The De Lignieres study from Climacteric 2002 could not show an increased risk of breast cancer with use of bio-identical hormones but showed an increased risk with the use of synthetic progestin (Provera/medroxyprogesterone). In fact, they could not justify stopping BHRT(bio-identical), which is beneficial for quality of life, prevention of bone loss and cardiovascular risk profile without activating coagulation and inflammatory protein synthesis as in users of oral estrogens.
The real problem with synthetic HRT is the synthetic progestin(Provera). In contrast, several studies document that higher progesterone levels during pre-menopausal years or during pregnancy are protective against breast cancer. (Campanoli, Journal of Steroid Biochemistry and Molecular Biology, 2005).
In any case, estrogen should not be taken without progesterone which counters the proliferative tissue effect of estrogen on breast and uterine lining.
Bio-identical hormone therapy, which is different from Premarin and Provera, is safe, effective, and proven beyond any reasonable medical and scientific doubt.
Progesterone Deficiency
September 3, 2008 by Candice Lane, M.D.
Filed under For Women
Although the traditional definition of menopause is 12 months without a period, hormone loss can start 10-15 years before this happens. Testosterone starts declining first, and then progesterone. Estrogen is the last to go and is often signaled by the infamous “hot flash” we’ve all heard about.
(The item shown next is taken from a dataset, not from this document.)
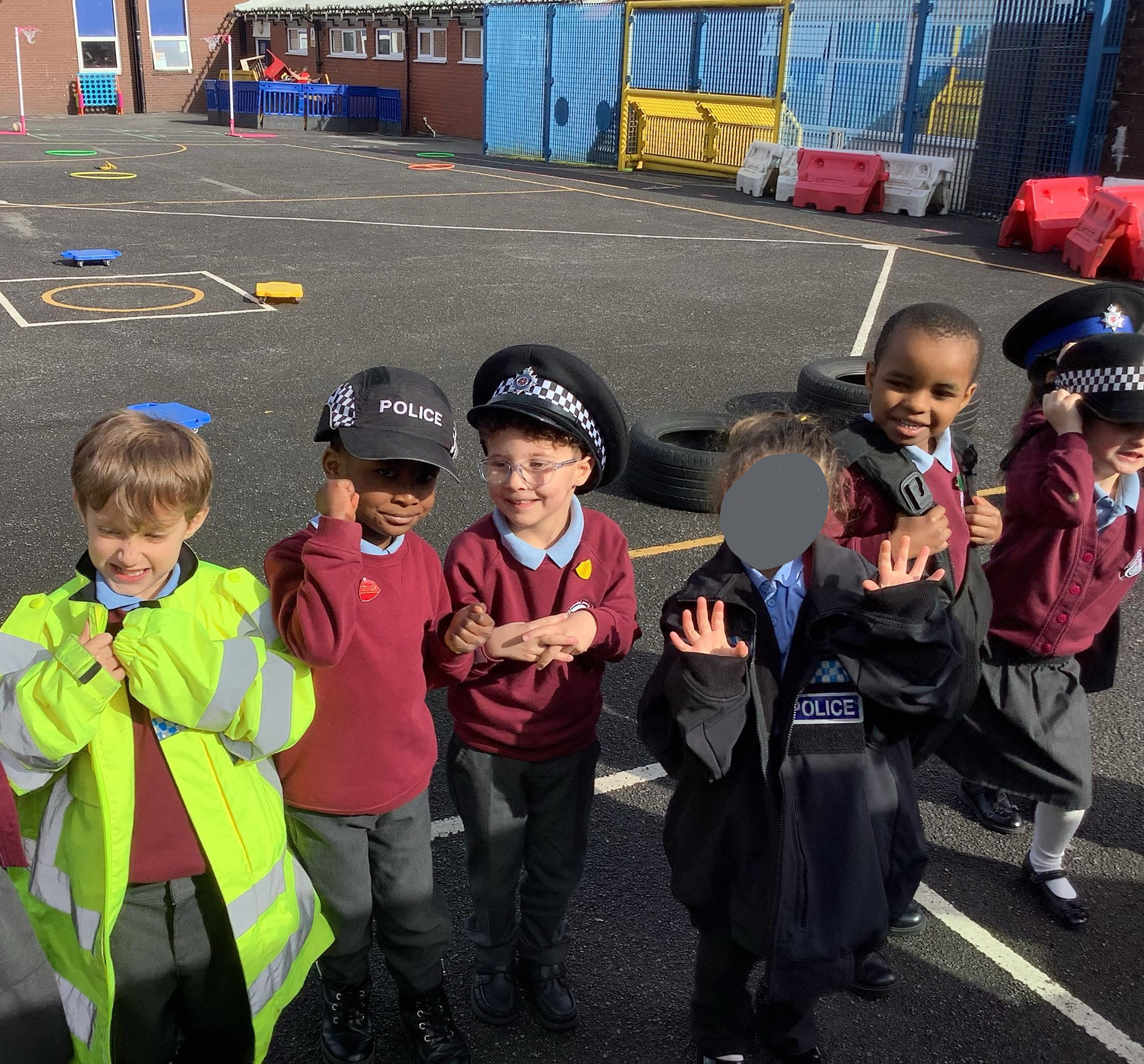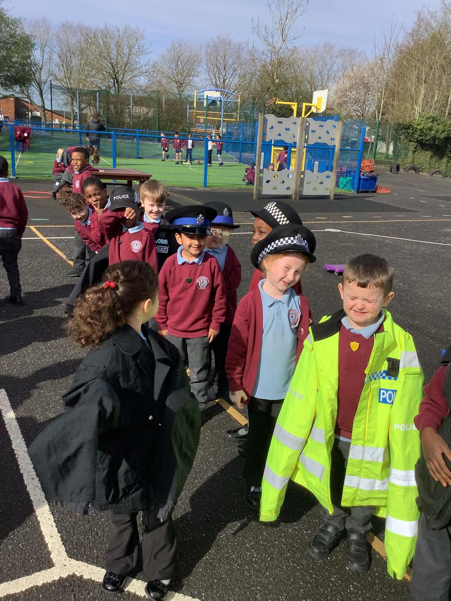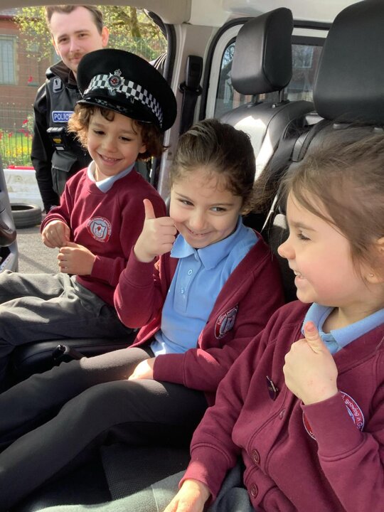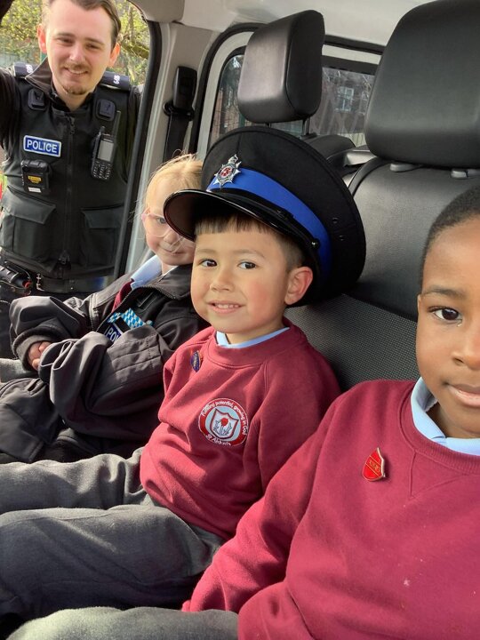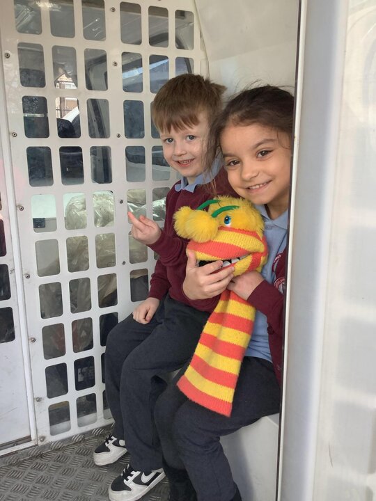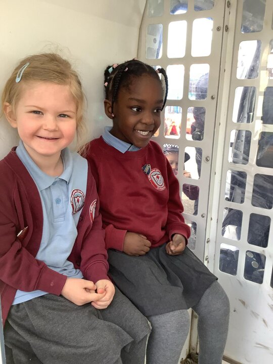 This term we have been learning about people who help us. We had a special visitor in today, Kirsty the Police Officer! Reception tried on some Police uniforms and even found Bob who stole my ring, in the back of the van!

Most women start feeling differently from their younger selves in their 40’s when progesterone starts declining. But even young women can have decreased progesterone which can manifest as PMS (premenstrual syndrome), often associated with stress or hormonal birth control. The most common symptoms of decreased progesterone include:
- Anxiety
- Depression
- Irritability
- Insomnia
- Mood swings
- Osteoporosis
- Pain and inflammation (aching joints, back)
- Increasing HDL cholesterol
- Excessive menstruation
- Weight gain or inability to lose weight.
- Fibroids
- Fibrocystic disease of the breast
- Breast tenderness
- Bloating
- Indigestion
- Gas
- Snoring
- Migraine headaches
There are other causes of decreased progesterone besides decreased production. These include:
- Stress
- Antidepressants
- Sugar
- Saturated fats
- Deficiency of vitamins A, B6, C, and Zinc
- Decreased thyroid hormone
- Taking progestins (a synthetic progesterone) in birth control pills and birth control devices, or in Prempro (synthetic hormone replacement)
Natural bioidentical (same molecular structure as in the human body) progesterone
has many beneficial effects including:
- A calming effect
- Helps sleep
- Balances estrogen
- Lowers blood pressure
- Helps the body metabolize fats
- Lowers cholesterol
- Increases scalp hair
- Is a natural diuretic
- Is a natural antidepressant
- Increases metabolic rate
If are experiencing the symptoms of progesterone deficiency, it is important to be tested by a knowledgeable physician to see if you need replacement. Natural bioidentical progesterone replacement may be all you need to start feeling yourself again.